[PATCH] D96883: Add support for JSON output style to llvm-symbolizer

Mon Mar 15 01:58:54 PDT 2021

jhenderson requested changes to this revision.
jhenderson added a comment.
This revision now requires changes to proceed.

I'd like to have @MaskRay and @dblaikie comment on this before this gets committed, since they both were involved with the YAML version of this.

Sorry for the delay in getting to this. Having given it a bit of thought, I don't think this approach is a particularly good design, personally. Is the `DIPrinter` only used for the symbolization code? If it is, I think we need a wider refactor of it before adding this new output format, to avoid the need for repeated `if(OutputStyle == JSON)` kind of things. My opinion is to have a separate class per output format (JSON, GNU, LLVM), which share a common interface. These could either all be derivations of DIPrinter itself or a new object that DIPrinter owns (possibly it is templated on it, or possibly there is a separate output style base class they derive from), I'm not sure it matters too much. The ELF dumper for llvm-readobj is a good example of what I mean (it has separate GNU and LLVM versions). It's a bigger piece of work, but I think it makes sense to do, as it'll make the code easier to change in the future, should we either a) add another output format to it (imagine if you wanted to add YAML output style as well as JSON), or b) extend with more printing options.
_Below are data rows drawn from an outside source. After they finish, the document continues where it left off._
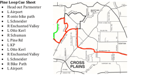 The ride for Monday April 22 will require more Brawn than Brains. We will venture west towards Cross Plains. The construction through town has been completed, so there will be no need for Dan-yelly to repeat her off road adventure through the yards of these fine townspeople. There are a few respectable climbs up Braun and Old Sauk Pass, but I don’t think you will need a dinner plate- yet.
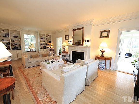 Renovated Hayes Barton 2-Story brick house on a private .39 acre lot. 10' ceilings on 1st floor. Large family room w/ heavy moldings and masonry fireplace. New Kitchen: White cabinets, white marble counter tops, subway tile back splash, 2 farm style sinks, 36" Wolf dual fuel range, Wolf wall oven & microwave, 36" sub zero refrigerator, sub zero wine cooler. Refinished hardwood floors throughout. New on demand h2O heater 2018, New Roof 2019, 2 New HVAC systems 2016. Large open backyard with tree house.
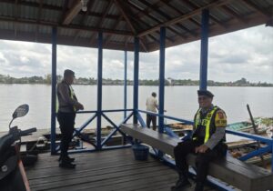 Personel Polsek Kapuas Murung Laksanakan Giat Rutin Cek Situasi Pelabuhan Fery Penyebrangan Di Kelurahan Palingkau Baru
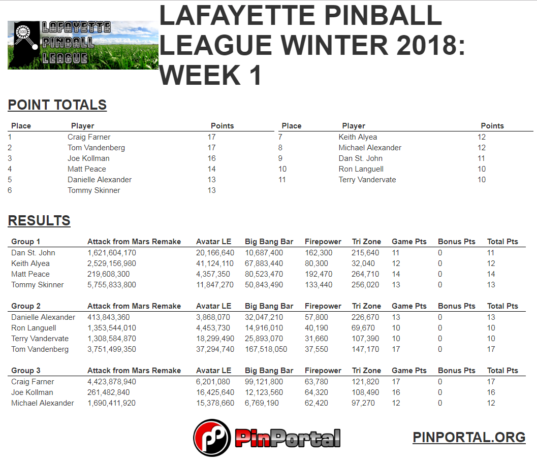 Next Tuesday, 1/16/2018, is our Monthly Tournament! Remember the start time has now moved up to 7:30 PM and it will remain there all year so it now matches our league start time. The format is also new, 1 hour of qualifying, playing against one person on a classic machine the whole time, new players and machines each round, as many as we can squeeze into the hour, and then 1 round of 3 games for finals against a group of 4. Each group will have prize money. As always our entry fee will remain $5. I hope you will all come out and give this new format a shot, I really think it should be fun and more inclusive than the 3-strikes format we have previously used.
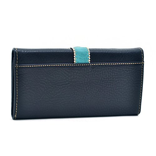 Wallet: Made of high quality faux leather. Trifold wallet secured by magnetic snap. Rhinestone buckle accent. 2 transparent ID window. 10 credit card slots.
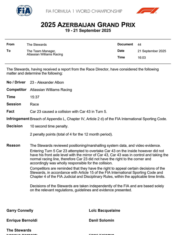 Los comisarios consideraron que el piloto de Williams fue “totalmente responsable” y le aplicaron diez segundos de recargo junto con dos puntos en la superlicencia. El problema es que el castigo resultó simbólico frente al perjuicio real.
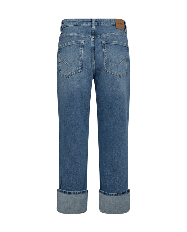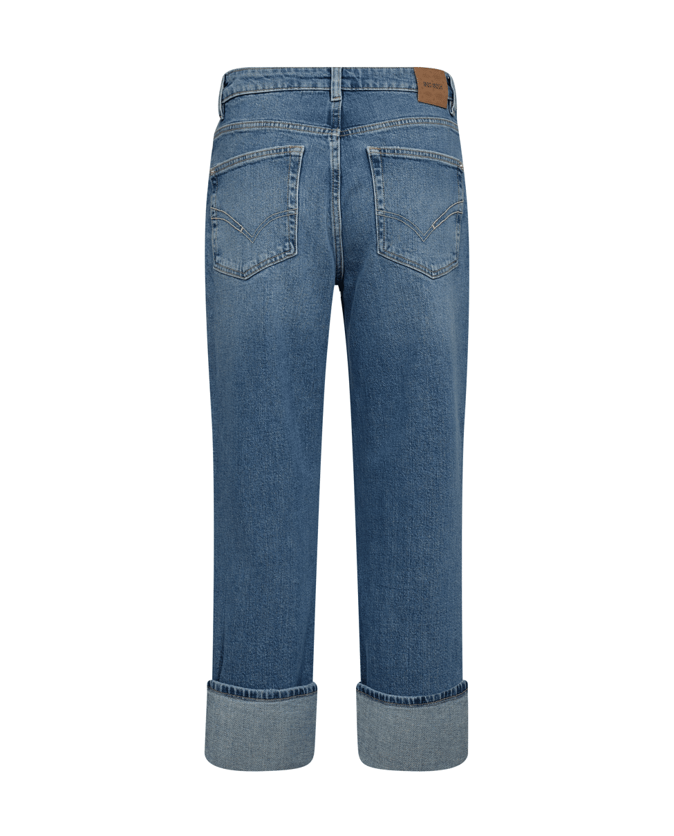 Boyfriend fit. Zit losser op heup en dij, met omgeslagen zoom.
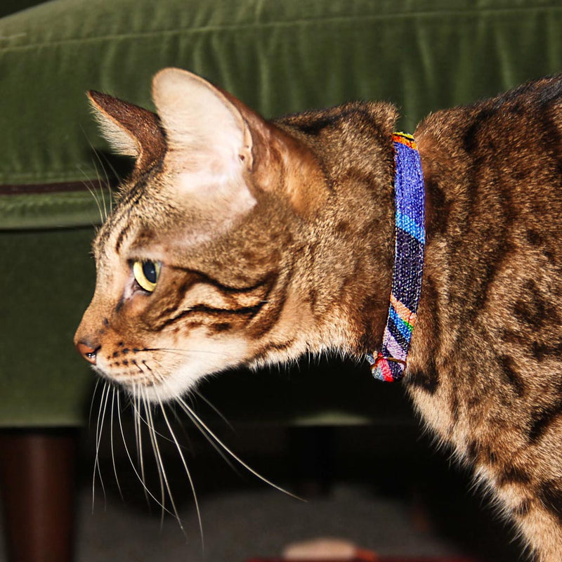 Our cat collars are handcrafted with lightweight yet durable coated canvas, finished with our signature gold bell & safety release buckle. The result is a luxurious cat collar that is super comfortable to wear yet tough enough to keep up with the demands of an active cat. You may notice your cat strutting in this collar but your cat won't. They'll barely notice it's there!
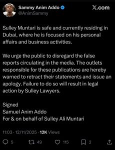 The clarification has drawn widespread attention online, with many fans expressing relief over Muntari’s well-being. The 2010 UEFA Champions League winner is reportedly doing well in Dubai, and Anim Addo’s swift response has put an end to the false reports.
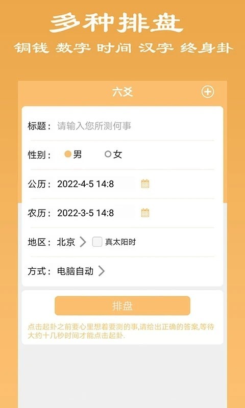 1、多种起卦方式:提供铜钱起卦、时间卦、数字卦、汉字起卦等12种起卦方式,满足不同占卜习惯。
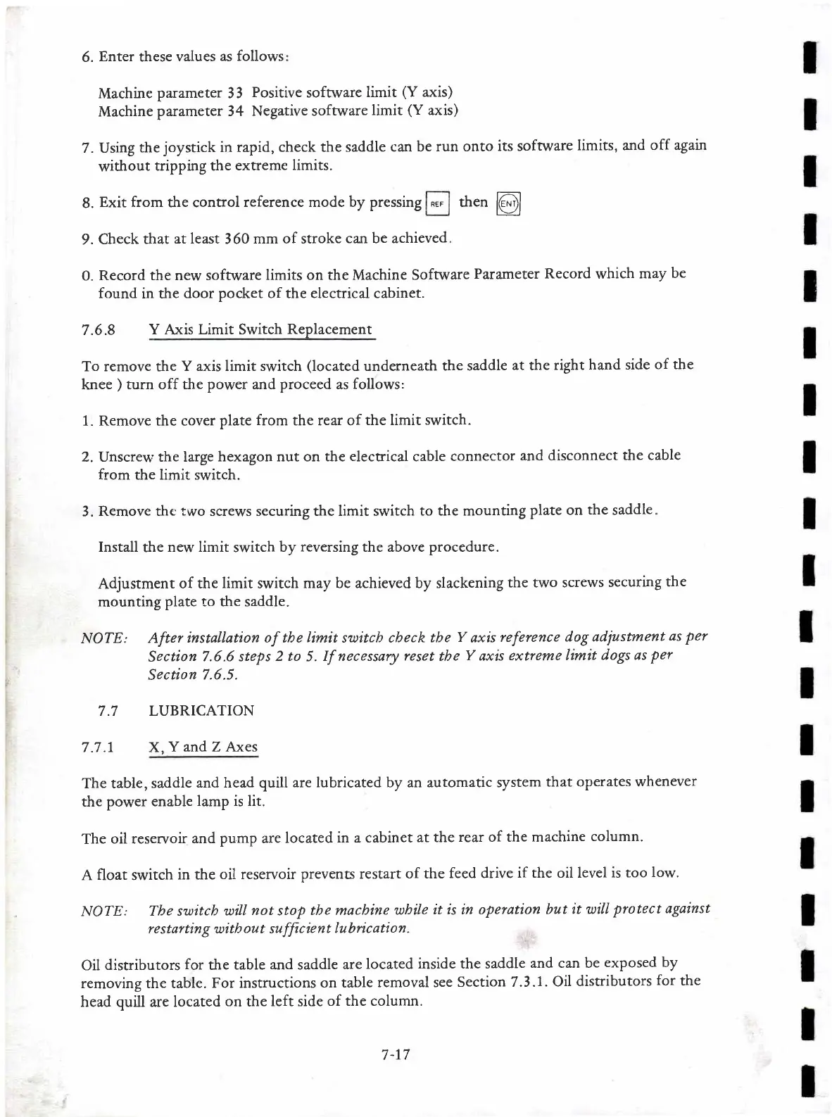 Bridgeport Interact 2 - X,Y and Z Axes; Y Axis Limit Switch Replacement; Lubrication
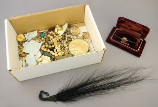 LOT 143 Collection of Osprey Feather / Costume Jewelry / Knives / Bulova Wristwatch. Estimate: $50 - $100 Sold For: $30 Auction Date: Tuesday, May 14 2024 at 4:00 PM
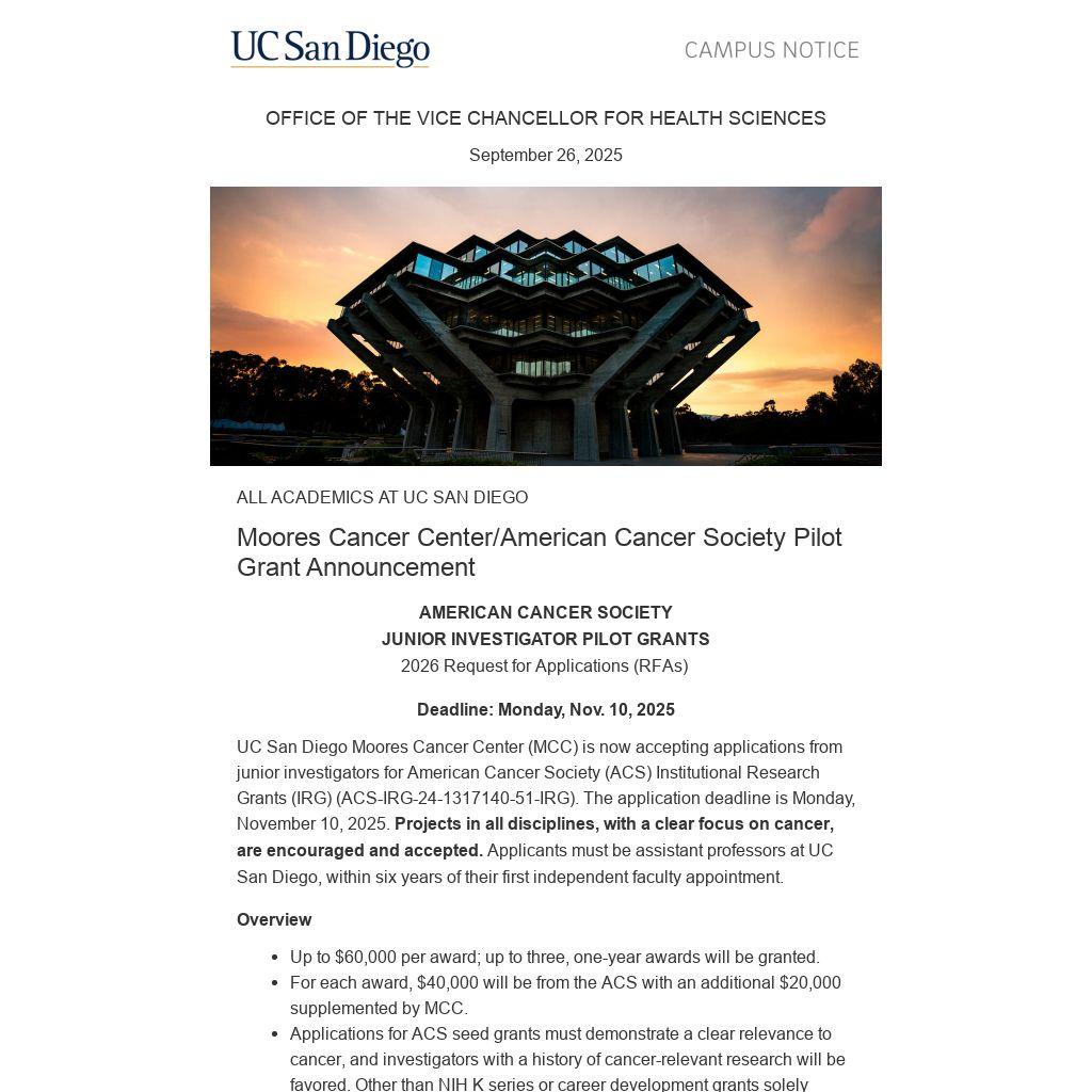 UC San Diego Moores Cancer Center (MCC) is now accepting applications from junior investigators for American Cancer Society (ACS) Institutional Research Grants (IRG) (ACS-IRG-24-1317140-51-IRG). The application deadline is Monday, November 10, 2025. Projects in all disciplines, with a clear focus on cancer, are encouraged and accepted. Applicants must be assistant professors at UC San Diego, within six years of their first independent faculty appointment.

Some general thoughts about the output style:

- How do you handle multiple different input files? I think it would make a lot of sense to include the input file and address in the JSON. I think we could ignore the corresponding llvm-symbolizer options that enable/disable printing these for other formats.
- How is a parser supposed to distinguish between an error message output for an address and a valid output? It might make sense to include a "success" field or similar, I think.
- Strictly speaking, if multiple input addresses are used, I don't think the following is valid JSON:

  {
    // output for address1
  }
  {
    // output for address2
  }
  ...

I think it should be in a list:

  [
    {
      // output for address1
    },
    {
      // output for address2
    },
    ...
  ]

You could omit the list for a single input address, but I think for consistency purposes, I'd not do that.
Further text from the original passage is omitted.